[[ Source data, beginning ]]
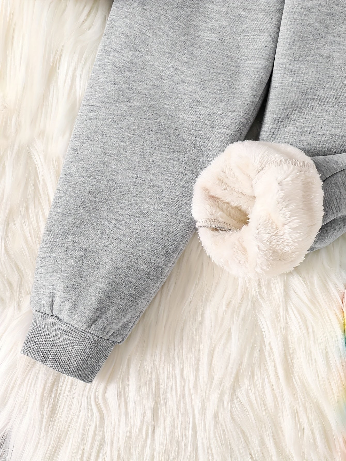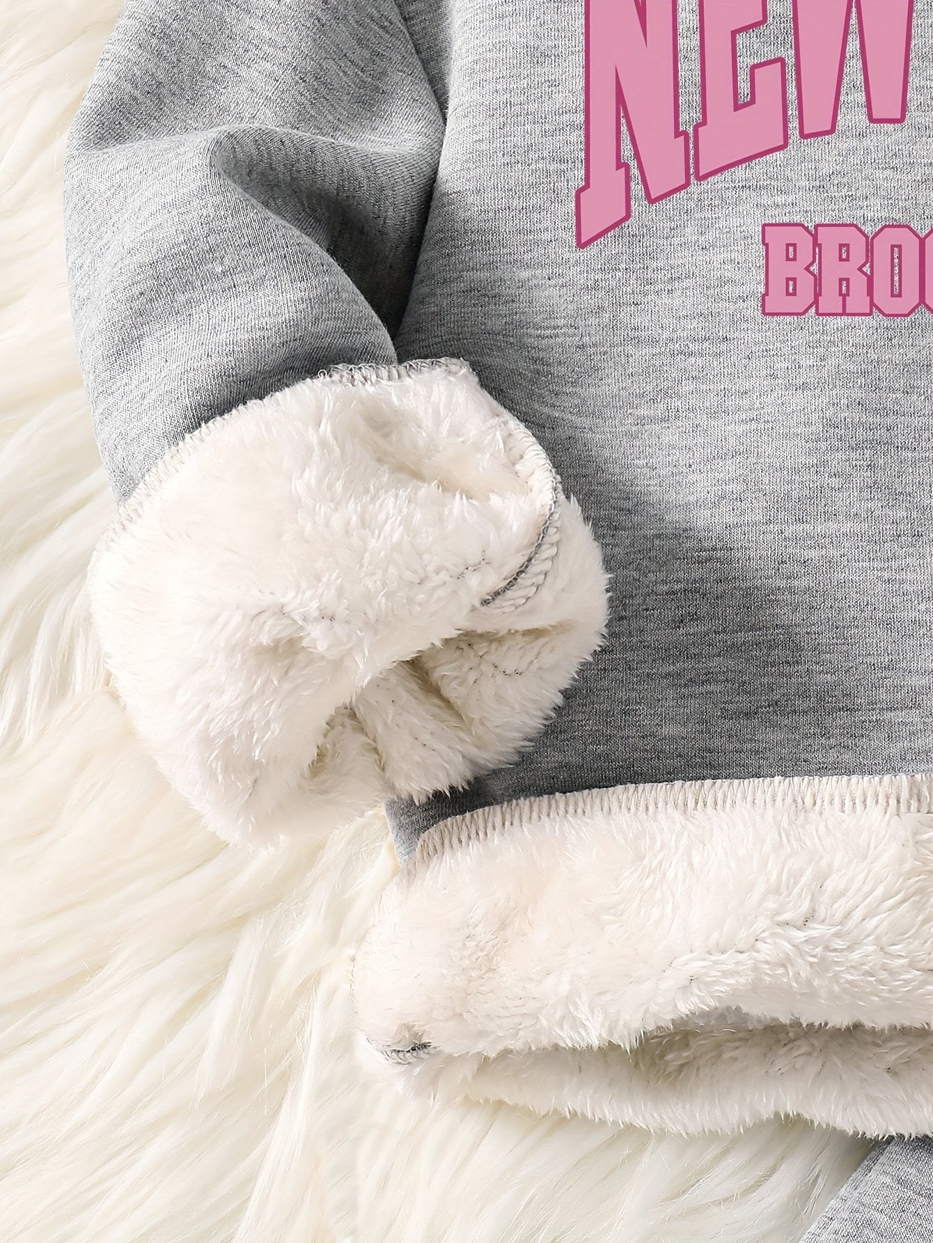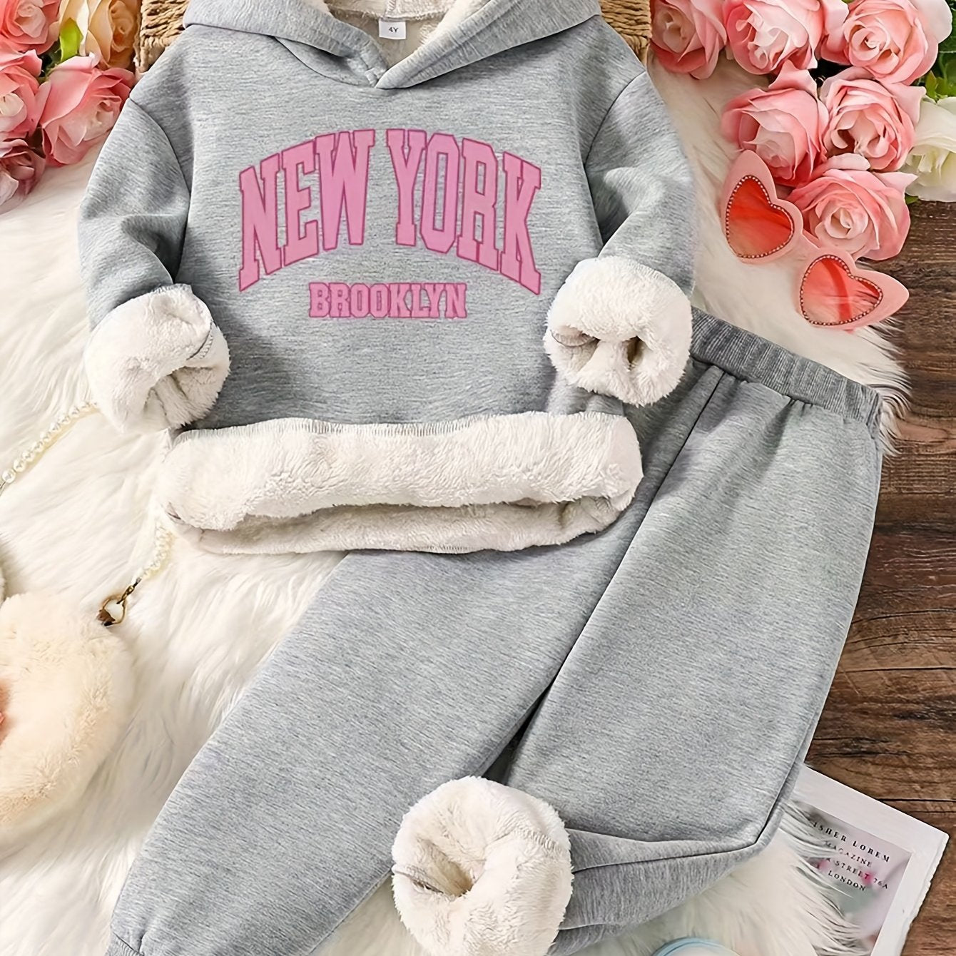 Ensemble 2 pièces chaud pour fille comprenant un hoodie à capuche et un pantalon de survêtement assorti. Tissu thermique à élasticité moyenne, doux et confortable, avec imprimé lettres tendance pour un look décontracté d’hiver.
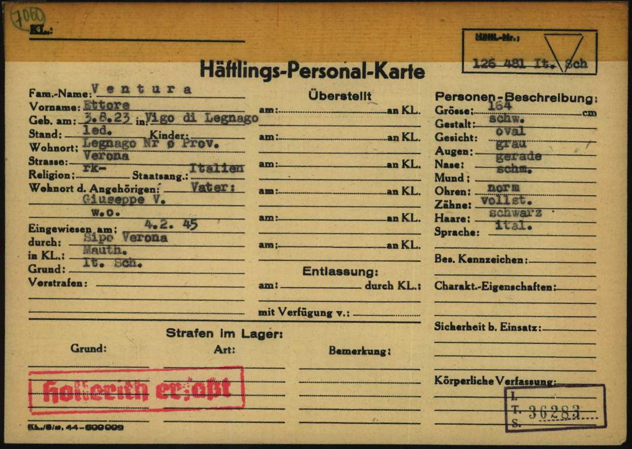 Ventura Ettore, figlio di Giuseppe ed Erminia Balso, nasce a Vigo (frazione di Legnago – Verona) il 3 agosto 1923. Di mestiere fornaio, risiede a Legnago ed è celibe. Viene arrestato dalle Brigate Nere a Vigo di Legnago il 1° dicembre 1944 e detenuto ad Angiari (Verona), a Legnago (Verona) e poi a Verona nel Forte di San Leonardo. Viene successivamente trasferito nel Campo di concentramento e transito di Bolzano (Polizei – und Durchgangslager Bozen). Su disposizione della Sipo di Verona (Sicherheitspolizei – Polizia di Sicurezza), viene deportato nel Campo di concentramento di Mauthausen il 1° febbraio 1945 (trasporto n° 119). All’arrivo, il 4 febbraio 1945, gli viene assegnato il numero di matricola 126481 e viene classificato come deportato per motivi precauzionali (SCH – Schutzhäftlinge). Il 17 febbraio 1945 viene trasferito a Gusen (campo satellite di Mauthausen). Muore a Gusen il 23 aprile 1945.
[[ Source data, end ]]
[[ Source data, beginning ]]
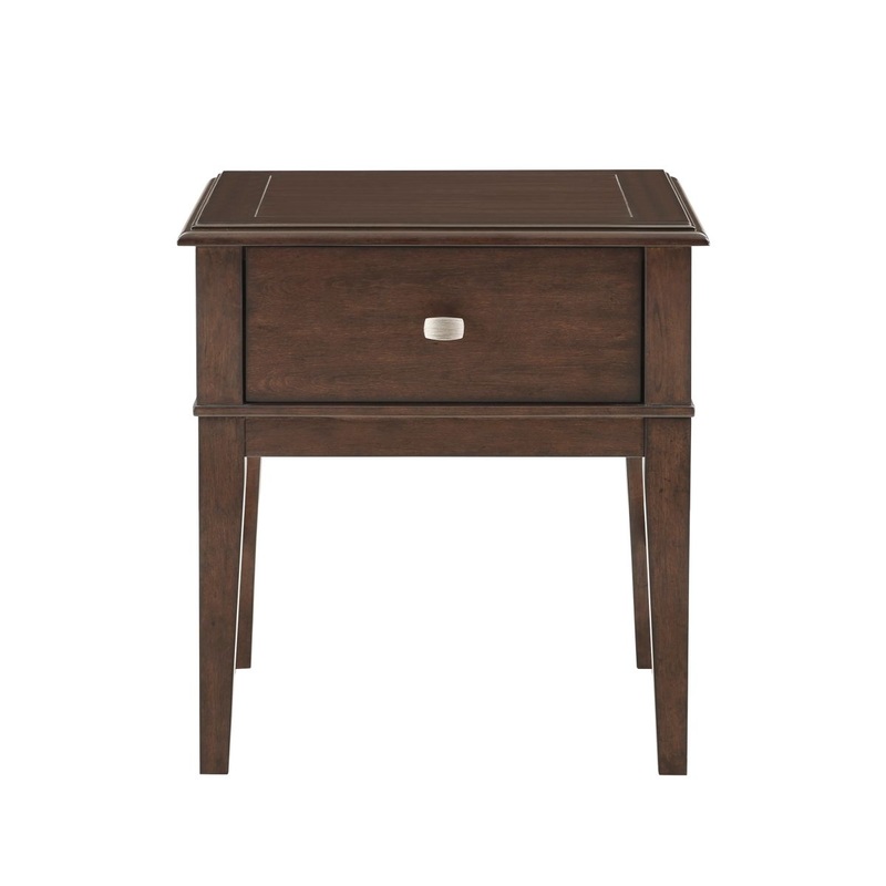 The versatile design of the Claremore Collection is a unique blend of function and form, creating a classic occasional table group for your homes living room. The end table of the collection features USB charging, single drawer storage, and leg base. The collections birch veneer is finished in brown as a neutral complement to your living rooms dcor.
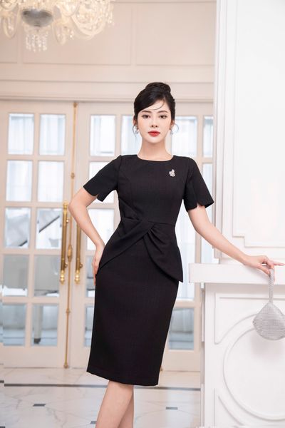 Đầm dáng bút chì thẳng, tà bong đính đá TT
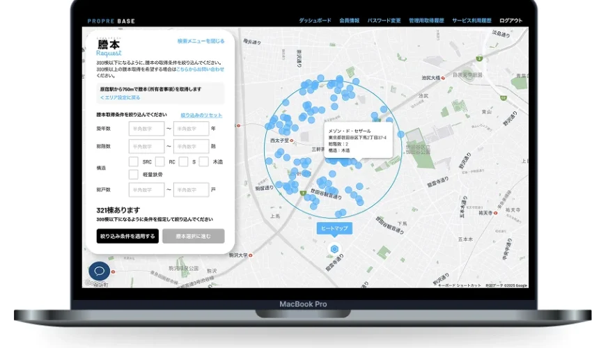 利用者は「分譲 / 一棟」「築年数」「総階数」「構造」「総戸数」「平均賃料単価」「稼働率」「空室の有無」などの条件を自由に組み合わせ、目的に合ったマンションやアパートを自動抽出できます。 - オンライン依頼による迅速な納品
[[ Source data, end ]]
- [Exercise brief]
Nothing but the lines above from the line with "Ensemble 2 pièces" up to and including the line with "Ventura Ettore, figlio" should be returned, exactly as written and without pictures.

- [Result of the task]
 Ensemble 2 pièces chaud pour fille comprenant un hoodie à capuche et un pantalon de survêtement assorti. Tissu thermique à élasticité moyenne, doux et confortable, avec imprimé lettres tendance pour un look décontracté d’hiver.
 Ventura Ettore, figlio di Giuseppe ed Erminia Balso, nasce a Vigo (frazione di Legnago – Verona) il 3 agosto 1923. Di mestiere fornaio, risiede a Legnago ed è celibe. Viene arrestato dalle Brigate Nere a Vigo di Legnago il 1° dicembre 1944 e detenuto ad Angiari (Verona), a Legnago (Verona) e poi a Verona nel Forte di San Leonardo. Viene successivamente trasferito nel Campo di concentramento e transito di Bolzano (Polizei – und Durchgangslager Bozen). Su disposizione della Sipo di Verona (Sicherheitspolizei – Polizia di Sicurezza), viene deportato nel Campo di concentramento di Mauthausen il 1° febbraio 1945 (trasporto n° 119). All’arrivo, il 4 febbraio 1945, gli viene assegnato il numero di matricola 126481 e viene classificato come deportato per motivi precauzionali (SCH – Schutzhäftlinge). Il 17 febbraio 1945 viene trasferito a Gusen (campo satellite di Mauthausen). Muore a Gusen il 23 aprile 1945.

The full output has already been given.